Verordnung über den elektronischen Zugriff der Kindes- und Erwachsenenschutzbehörden auf die Einwohnerregister

(vom 19. Dezember 2012)[1][2]

Der Regierungsrat,

gestützt auf § 74 Abs. 2 des Einführungsgesetzes zum Kindes- und Erwachsenenschutzrecht vom 25. Juni 2012 (EG KESR)[1]

Zweck des Zugriffs

§ 1.

Die Kindes- und Erwachsenenschutzbehörde (KESB) kann auf die Daten der Einwohnerregister der Gemeinden ihres Kindes- und Erwachsenenschutzkreises zugreifen, um in rechtshängigen Verfahren

a.ihre örtliche Zuständigkeit abzuklären,

b.die Richtigkeit der ihr vorliegenden Daten zu überprüfen.
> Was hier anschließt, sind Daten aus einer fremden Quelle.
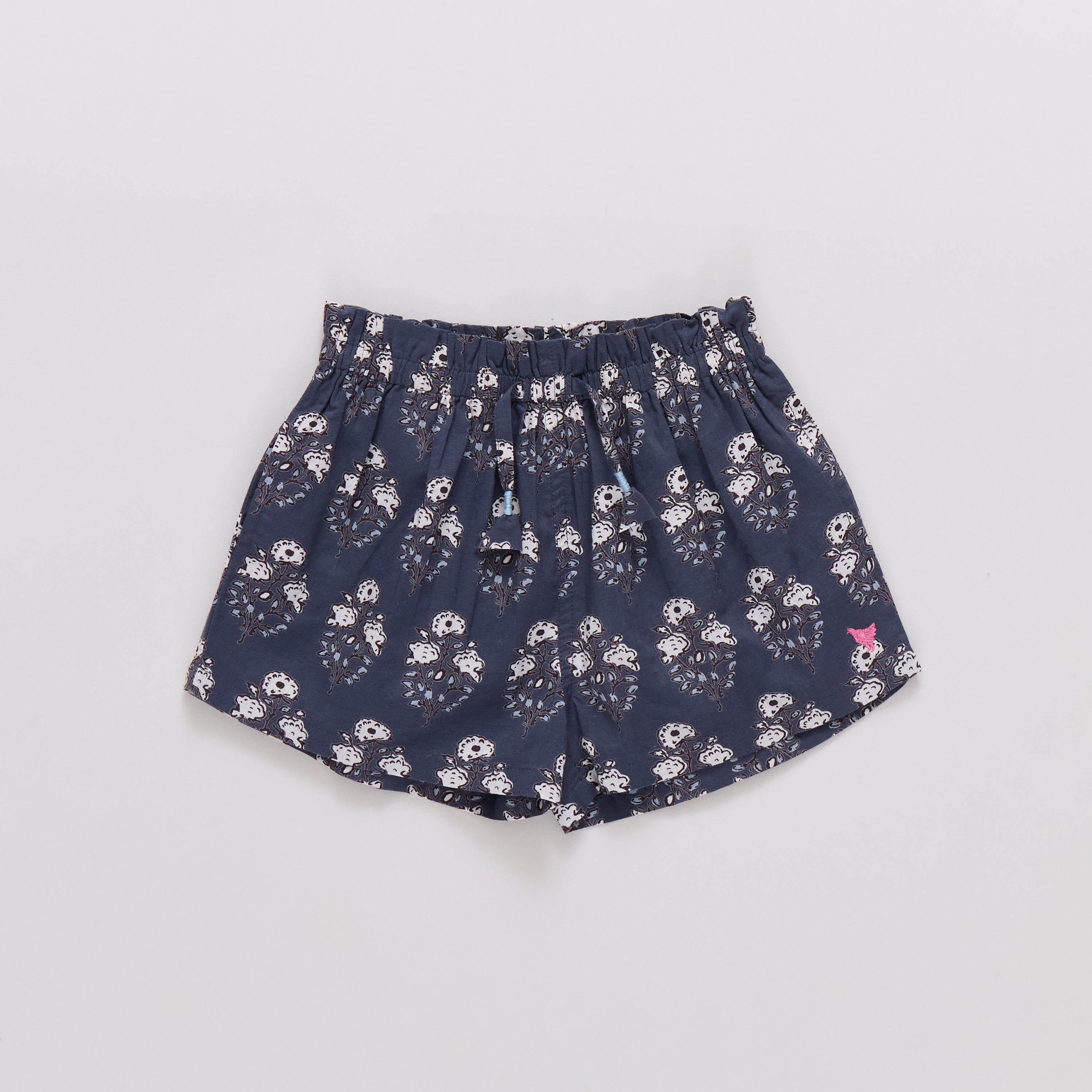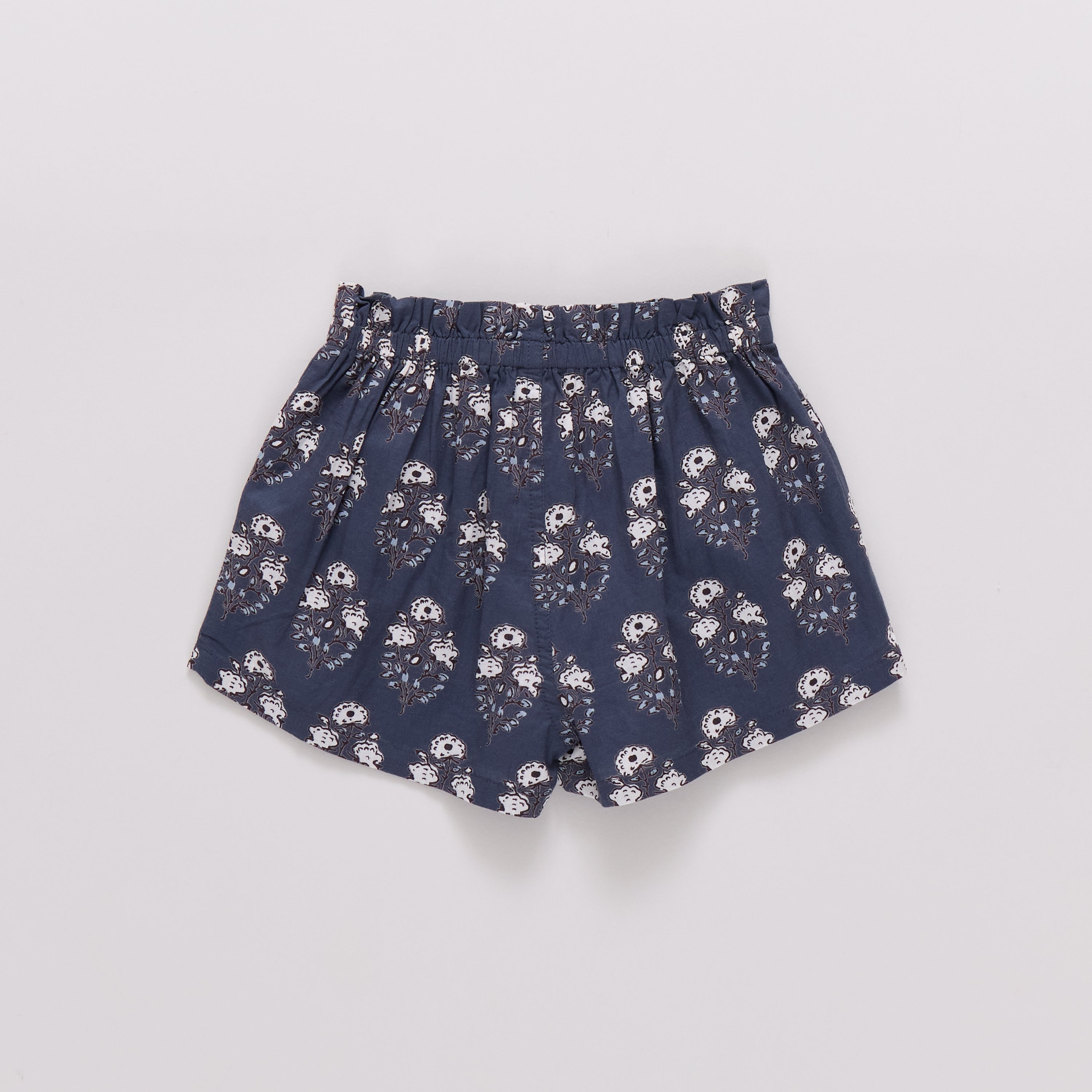 Our Girls Theodore Short in Navy Strawflower Block Print brings a hint of nostalgia to spring days. scalloped waist and vintage blooms

Zugriffsberechtigte Personen

§ 2.

Jede KESB bezeichnet für jedes Kollegium gemäss § 9 EG KESR eine zugriffsberechtigte Person und zwei Stellvertreterinnen oder Stellvertreter.

Beschränkung des Zugriffs

§ 3.

Die Gemeinden stellen sicher, dass nur die zugriffsberechtigten Personen auf das Einwohnerregister zugreifen können und der Zugriff der KESB auf die Daten gemäss § 74 Abs. 1 EG KESR beschränkt ist.

Protokollierung

§ 4.

1

Die Gemeinden protokollieren, wer auf die Daten zugegriffen hat und wann der Zugriff erfolgt ist.

2

Sie speichern die Protokolle während eines Jahres und löschen sie anschliessend automatisiert.

Zugriff auf die Protokolle

§ 5.

1

Die für die Datenverarbeitung der Gemeinde verantwortliche Person und ihre Stellvertretung haben Zugriff auf die Protokolle.

2

Sie gewähren der Aufsichtsbehörde über die KESB Einsicht in die Protokolle.


[1] OS 68, 112; Begründung siehe ABl 2013-01-11.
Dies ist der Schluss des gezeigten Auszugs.